I have other matters to attend to tomorrow, but I’m hoping to find a few hours to work on extending trackwork.  I’d really like to see the end of track at Strelna early next week.  At this rate, it may yet be possible to achieve my goal of track and electrical complete by summer.

Pictures tomorrow, after I clean up the disaster I’ve created in the layout room…

I finally feel like I’m making progress again.  For the last three months or so, work has just been beating the snot out of me, and I haven’t had as much time to work on the layout as I would have liked.  However, that’s now starting to improve, and the mainline is starting to appear on the main layout.

The first matter is a bit of a track plan change.  You’ll notice on my original track plan, Nicolai Junction – the place where the fictional Nizina Branch breaks off the prototype mainline – was originally pretty inflexible.  Because the single track mainline split into the siding and main for Kennicott, and then the branch broke off the siding, the whole thing could get jammed up if you were loading a train at Kennicott and it was fouling the switch.  Plus, the McCarthy siding was short, so it wasn’t capable of holding a full ore train.  So, the track plan adjustments begin…

I extended double track up from the McCarthy switch, made one mainline diverge as the Nizina Branch and the other diverge as the Kennicott main, and then connected the Kennicott siding into the mainline.  There are also crossovers between the two main lines going both ways, so that traffic moving off any line can move onto any other line without being blocked.  The new Nicolai Junction will also now be the northern end of CTC on the layout, extended up from my original plan of ending it after the north siding switch at McCarthy.

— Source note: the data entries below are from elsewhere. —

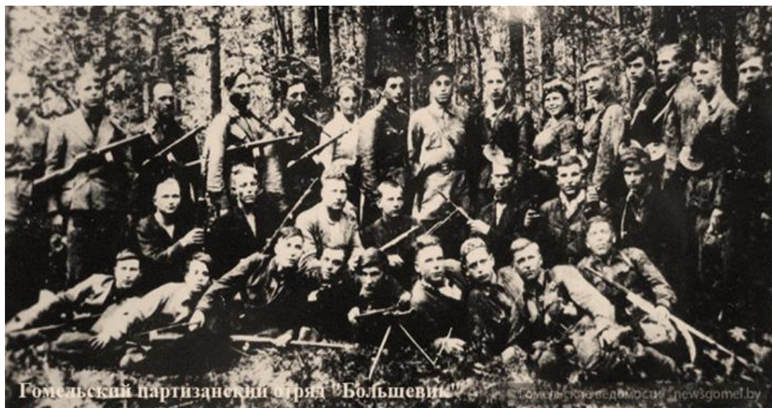
Гомельский партизанский отряд «Большевик»

В мае 1941г., в возрасте двадцати лет она была направлена на курсы политработников.
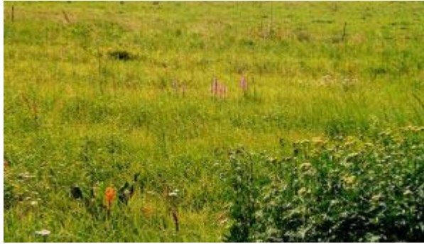
Abb. 12: Vegetationsaufnahme 64
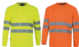
Amarillo A.V. H.V. Yellow

Here’s the new line diagram:

I’ve also completed the tracks in front of the old Kennicott mill, and posted a 1:160 print of the mill for scale and alignment.  I intend to model the old mill at full scale, as one of the signature elements of the railroad.  To make sure it was going to fit, I printed 1:160 versions of the front and side elevations of the mill – based on the National Park Service CAD drawings.  Thankfully work has a large HP plotter which makes this much easier…

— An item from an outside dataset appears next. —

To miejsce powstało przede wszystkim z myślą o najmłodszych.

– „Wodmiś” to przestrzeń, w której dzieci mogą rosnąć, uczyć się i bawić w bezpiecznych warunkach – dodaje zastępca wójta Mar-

The electronics for Nicolai Junction are being installed on a fold-down panel located below the junction.  That way the wires all stay up and out of the way, the LEDs don’t shine down on the lower deck, but it can be lowered if maintenance or changes are needed.

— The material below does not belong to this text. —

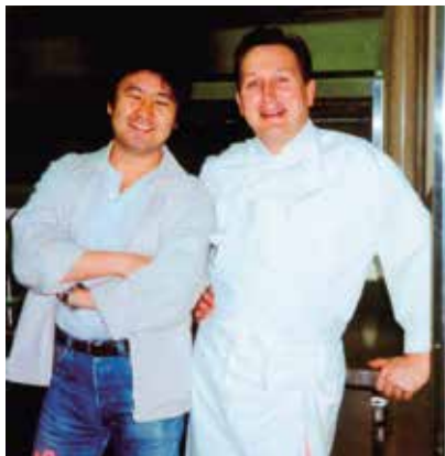
フランスでの修業当時の風景

お互いさまの精神で、売る側も買う側もリスペクトし合つて気持ちよくやり取りができればいいなと思います。

Now, about turnouts…  Originally when I started the CR&NW, Atlas code 55 was still nowhere to be found due to their Chinese production issues.  Because of that, I made the decision to go with hand-laid turnouts using FastTracks tools.  However, it’s taken me far longer to get to trackwork than I initially expected, and the Atlas turnouts are now available again after about three years.  While the hand-laid turnouts look incredible and work well, they’re painfully time consuming to build.  The two in front of Kennicott took me a solid afternoon to build and tune.  Consequently, I’ve decided to use them where the switch is a prominent foreground visual element (such as in front of the mill building), but just go back to good ol’ Atlas switches elsewhere.

That’s it for now.  Hopefully by the end of the week I’ll have track extended down to the McCarthy control point and some of the backdrop up, so it’ll look a bit more like a model railroad and less like a bench stuck to framing.

The CR&NW seems to have had at least one, possibly multiple, Ford Model Ts converted to railroad wheels.  One of my recent acquisitions is this old CR&NW snapshot of a gentleman and one of the Model Ts (looks to be a later version, based on the larger radiator) posing in the middle of the Miles Glacier bridge.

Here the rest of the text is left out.